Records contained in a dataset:
--- START ---

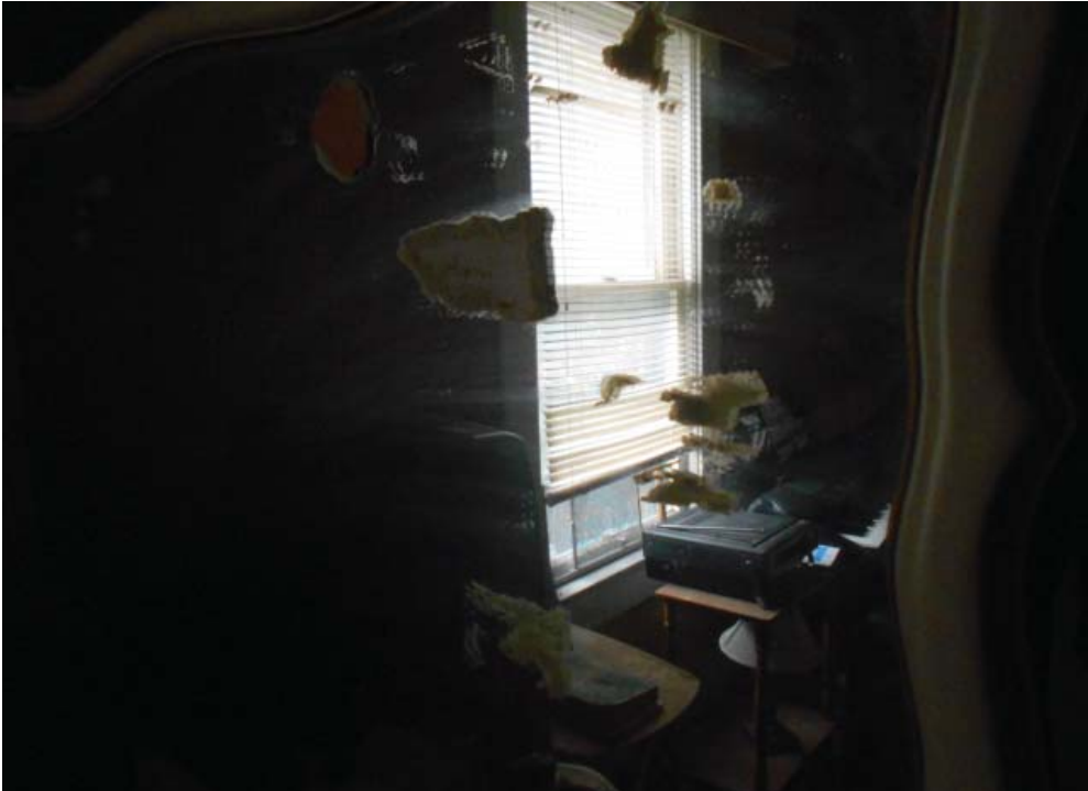
Photo 18 - Mirror-objects stuck on mirror-dirty
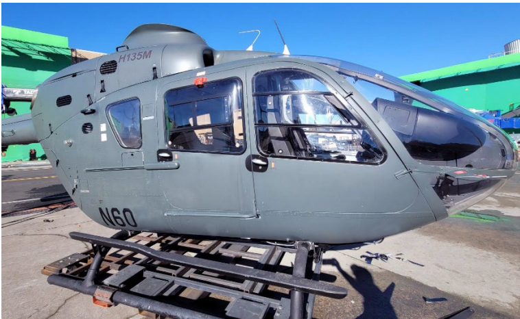
Shown with a removable military green (wax) paint.

Note: Transport base for skids can be mounted on a gimbal.
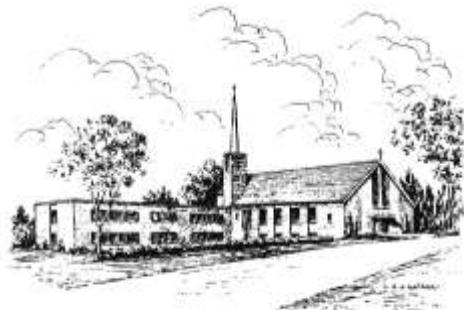
St. Mary's Parish, Shrewsbury, Massachusetts

“Providing The Tools To Build Faith and Knowledge”
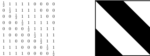
Figure 1: The tournament matrix of the 9-vertex carousel tournament and the carousel tournamenton. The origin of the coordinate system is in the top left corner, the x -axis is vertical and the y -axis is horizontal. The black color represents the value 1 and the white color the value 0.
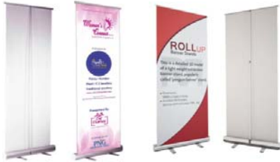
PULL UP STANDEE 3X6
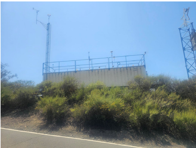
Looking at the probe to the South.
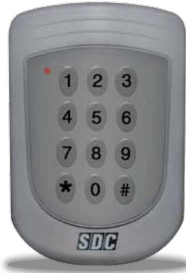
E4KP Access Control

HID ProxCard® II & ProxKey® II are registered trademarks of HID Corporation
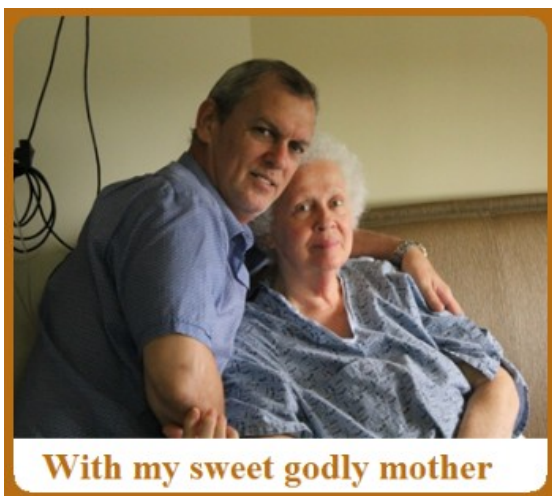
With my sweet godly mother

My trip to the US was successful and blessed. I trusted God to provide for the finances needed to make the trip so that I could be with my mother during her heart surgery. She went through the surgery well and is now at home recovering. Praise God! I was able to sit with her every day, hold her hand and pray with her; what a blessing that was. I also had a great time visiting with my son, daughter-in-law and grand children. I was so blessed to also spend time with some of our friends and partners.
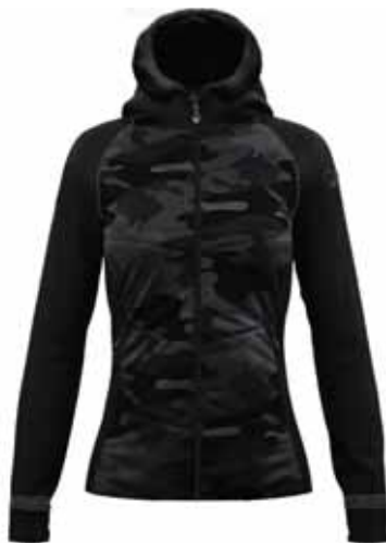
C-9 / 999
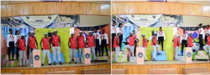
Snapshots of Gretsas Drama Club Participating at the Kenya National Drama Festivals at Kibabii University in Bungoma County
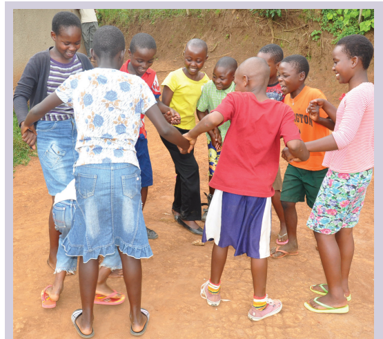
Girls and boys, ages 10-14, play interactive games designed specifically for VYAs.

IRH stands ready to assist the MOH and partners in implementation and evaluation of adolescent sexual and reproductive health strategies that move Rwanda's policies into action.
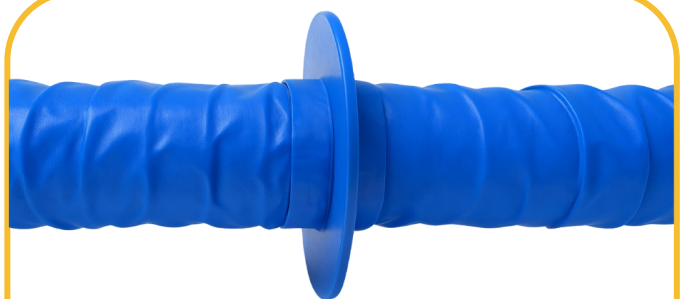
Factory-Installed Flange, Heat-Sealed to Matching Factory-Installed Flange.
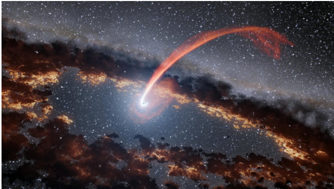
An artist's illustration of a black hole "eating" a star. Credit: NASA/JPL-Caltech

Earlier this year, astronomers stumbled upon a fascinating finding: Thousands of black holes likely exist near the center of our galaxy.
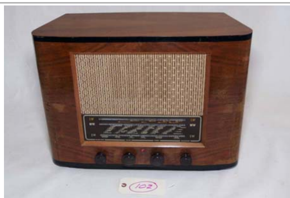
102. Ferranti / 225 LW/MW/SW; 220V; mfd in Great Britain; circa 1950; 5-tube
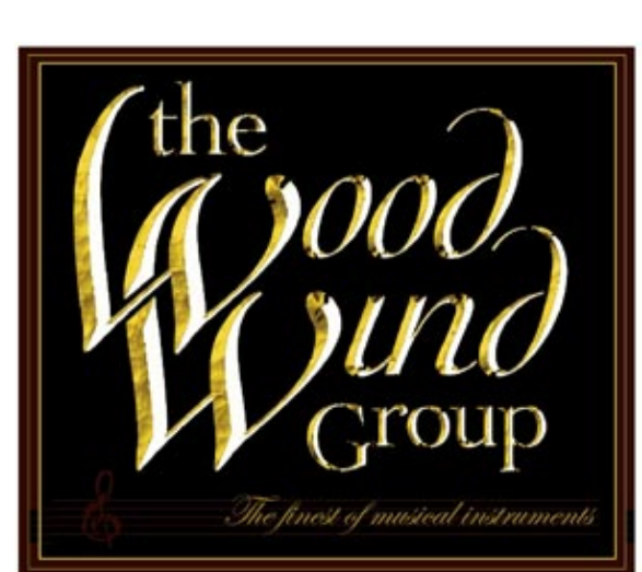
Suite 1 / 111 Moore Street (The old hat factory) Leichhardt 2040

Corner of Moore Street & Balmain Road. Leichhardt
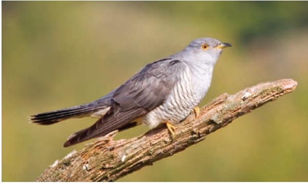
FIG 1. Cuckoo Cuculus canorus , a summer visitor to the British Isles which spends the winter in tropical Africa.

also to the same wintering places. Outside the tropics, their movements are most marked in spring and autumn, but can occur in every month of the year in one species or another. These facts raise questions about the ecological factors that underlie the movements and distributions of birds that simply do not arise with more sedentary organisms.
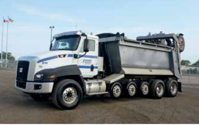
See complete auction and equipment information on our website rbauction.com
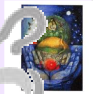
Schöpfung Gregor Koda
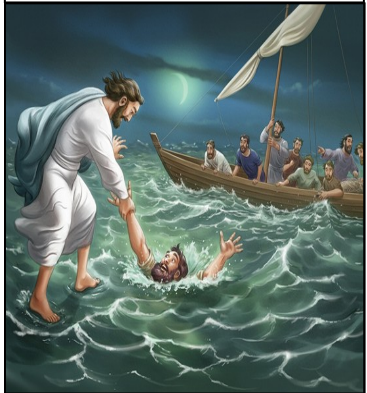
Story found in Matthew 14:22-33

Sunday, August 13, 2017 19th Sunday in Ordinary Time
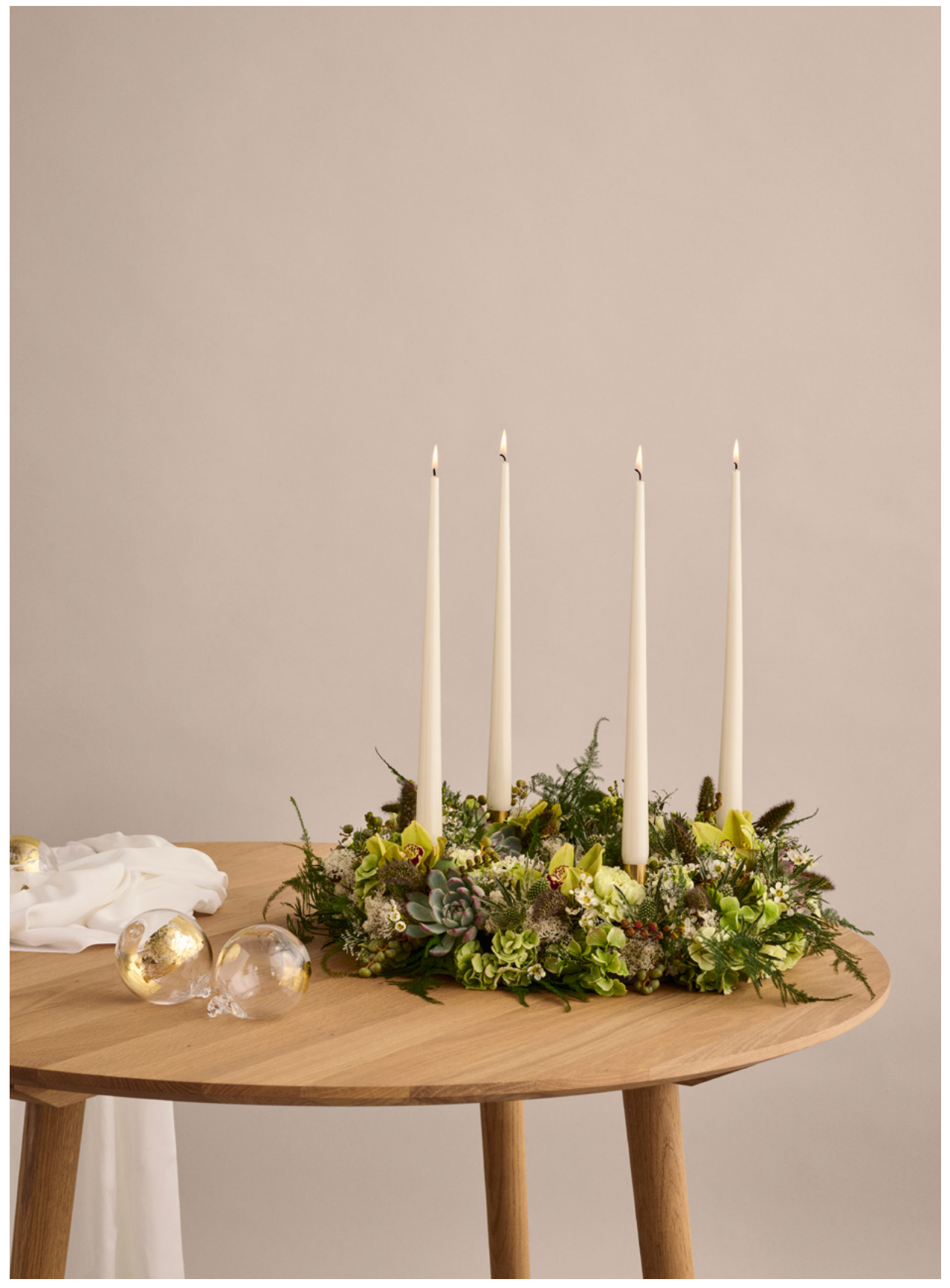
CANDLE COLOUR NO. 06
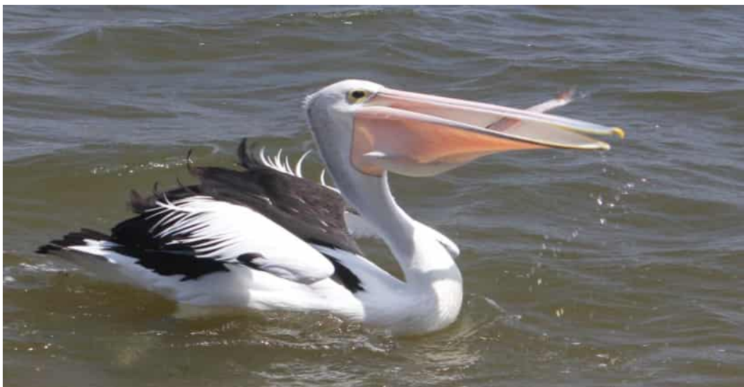
Pelican making an easy meal out of Flathead frames near the cleaning tables at Tuross

Our next outing will be the Carpathon at Bowen Park, Lake Burley Griffin on 8 February 2015 and the Nowra Convention on 21-22 February 2015.
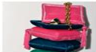
70+ Under-$100 Home, Beauty, and Fashion Gifts We Love
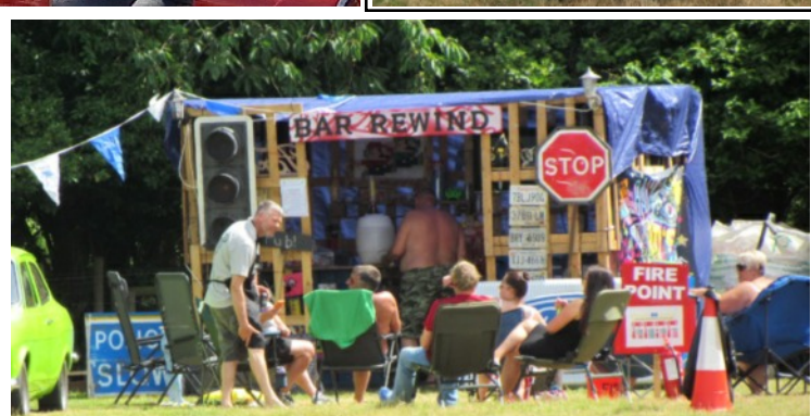
Fordsport won Best Themed Club Stand with their 'Bar Rewind' and a big screen 'Fast and Furious' film show on Friday night.
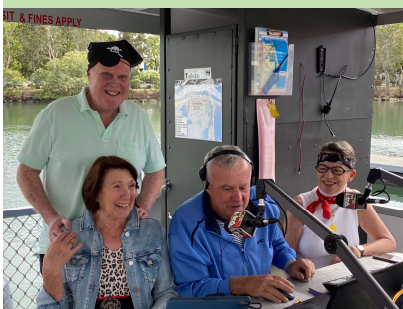
Winners – Houseboat hire
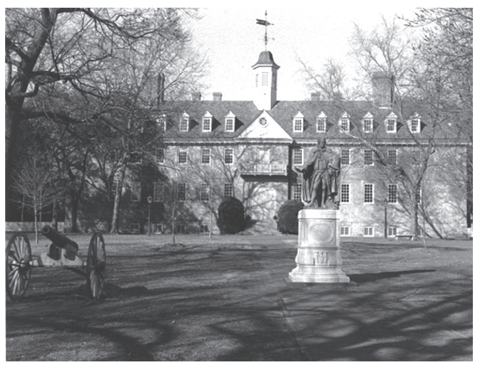
Sir Christopher Wren Building

The Historic Campus is the site of three restored pre-Revolutionary buildings. The Sir Christopher Wren Building (1695, restored 1928-31), still in daily classroom use, is the oldest academic building in the United States. The Brafferton (1723, restored 1932), originally a school for Indians established with a bequest from the English scientist Robert Boyle, today contains administrative offices. The third building, the President's House (1732, restored 1931), has served as home for each of the twenty-five presidents of the College.
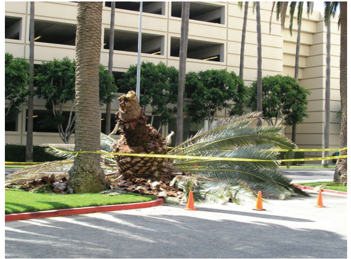
Figure 3. The canopy of this Phoenix canariensis fell off of the trunk due to Thielaviopsis trunk rot. Credits: H. Donselman

In the situation where the canopy falls off the trunk, the rot occurs below the bud at the base of the canopy in the woody tissue. This is also an area with little, if any, lignified plant tissue. When the trunk rot is farther down the trunk, this means that the fungus has rotted the trunk tissue until the palm can no longer structurally support itself. Examination of a cross-section through a diseased trunk illustrates that the rot is located only on one side of the trunk (Figures 4 and 5). This is in contrast to Ganoderma butt rot, in which the fungus is at the trunk base and rots from the center of the trunk to the outside. Ganoderma butt rot is discussed at http://edis.ifas.ufl.edu/pp100 .
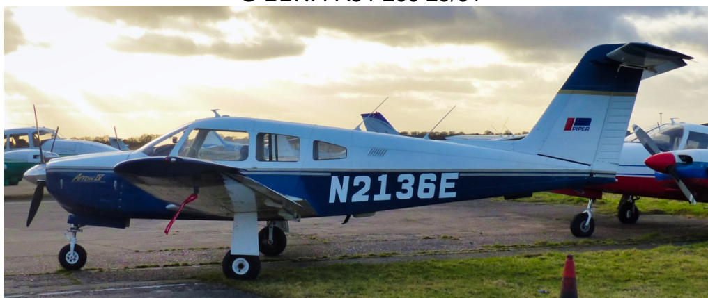
N2136E PA28RT201 29/01

--- END ---

BRIEF: Print each entry above exactly. The pictures should not be printed.

WRITTEN ANSWER:
Photo 18 - Mirror-objects stuck on mirror-dirty
Shown with a removable military green (wax) paint.

Note: Transport base for skids can be mounted on a gimbal.
St. Mary's Parish, Shrewsbury, Massachusetts

“Providing The Tools To Build Faith and Knowledge”
Figure 1: The tournament matrix of the 9-vertex carousel tournament and the carousel tournamenton. The origin of the coordinate system is in the top left corner, the x -axis is vertical and the y -axis is horizontal. The black color represents the value 1 and the white color the value 0.
PULL UP STANDEE 3X6
Looking at the probe to the South.
E4KP Access Control

HID ProxCard® II & ProxKey® II are registered trademarks of HID Corporation
With my sweet godly mother

My trip to the US was successful and blessed. I trusted God to provide for the finances needed to make the trip so that I could be with my mother during her heart surgery. She went through the surgery well and is now at home recovering. Praise God! I was able to sit with her every day, hold her hand and pray with her; what a blessing that was. I also had a great time visiting with my son, daughter-in-law and grand children. I was so blessed to also spend time with some of our friends and partners.
C-9 / 999
Snapshots of Gretsas Drama Club Participating at the Kenya National Drama Festivals at Kibabii University in Bungoma County
Girls and boys, ages 10-14, play interactive games designed specifically for VYAs.

IRH stands ready to assist the MOH and partners in implementation and evaluation of adolescent sexual and reproductive health strategies that move Rwanda's policies into action.
Factory-Installed Flange, Heat-Sealed to Matching Factory-Installed Flange.
An artist's illustration of a black hole "eating" a star. Credit: NASA/JPL-Caltech

Earlier this year, astronomers stumbled upon a fascinating finding: Thousands of black holes likely exist near the center of our galaxy.
102. Ferranti / 225 LW/MW/SW; 220V; mfd in Great Britain; circa 1950; 5-tube
Suite 1 / 111 Moore Street (The old hat factory) Leichhardt 2040

Corner of Moore Street & Balmain Road. Leichhardt
FIG 1. Cuckoo Cuculus canorus , a summer visitor to the British Isles which spends the winter in tropical Africa.

also to the same wintering places. Outside the tropics, their movements are most marked in spring and autumn, but can occur in every month of the year in one species or another. These facts raise questions about the ecological factors that underlie the movements and distributions of birds that simply do not arise with more sedentary organisms.
See complete auction and equipment information on our website rbauction.com
Schöpfung Gregor Koda
Story found in Matthew 14:22-33

Sunday, August 13, 2017 19th Sunday in Ordinary Time
CANDLE COLOUR NO. 06
Pelican making an easy meal out of Flathead frames near the cleaning tables at Tuross

Our next outing will be the Carpathon at Bowen Park, Lake Burley Griffin on 8 February 2015 and the Nowra Convention on 21-22 February 2015.
70+ Under-$100 Home, Beauty, and Fashion Gifts We Love
Fordsport won Best Themed Club Stand with their 'Bar Rewind' and a big screen 'Fast and Furious' film show on Friday night.
Winners – Houseboat hire
Sir Christopher Wren Building

The Historic Campus is the site of three restored pre-Revolutionary buildings. The Sir Christopher Wren Building (1695, restored 1928-31), still in daily classroom use, is the oldest academic building in the United States. The Brafferton (1723, restored 1932), originally a school for Indians established with a bequest from the English scientist Robert Boyle, today contains administrative offices. The third building, the President's House (1732, restored 1931), has served as home for each of the twenty-five presidents of the College.
Figure 3. The canopy of this Phoenix canariensis fell off of the trunk due to Thielaviopsis trunk rot. Credits: H. Donselman

In the situation where the canopy falls off the trunk, the rot occurs below the bud at the base of the canopy in the woody tissue. This is also an area with little, if any, lignified plant tissue. When the trunk rot is farther down the trunk, this means that the fungus has rotted the trunk tissue until the palm can no longer structurally support itself. Examination of a cross-section through a diseased trunk illustrates that the rot is located only on one side of the trunk (Figures 4 and 5). This is in contrast to Ganoderma butt rot, in which the fungus is at the trunk base and rots from the center of the trunk to the outside. Ganoderma butt rot is discussed at http://edis.ifas.ufl.edu/pp100 .
N2136E PA28RT201 29/01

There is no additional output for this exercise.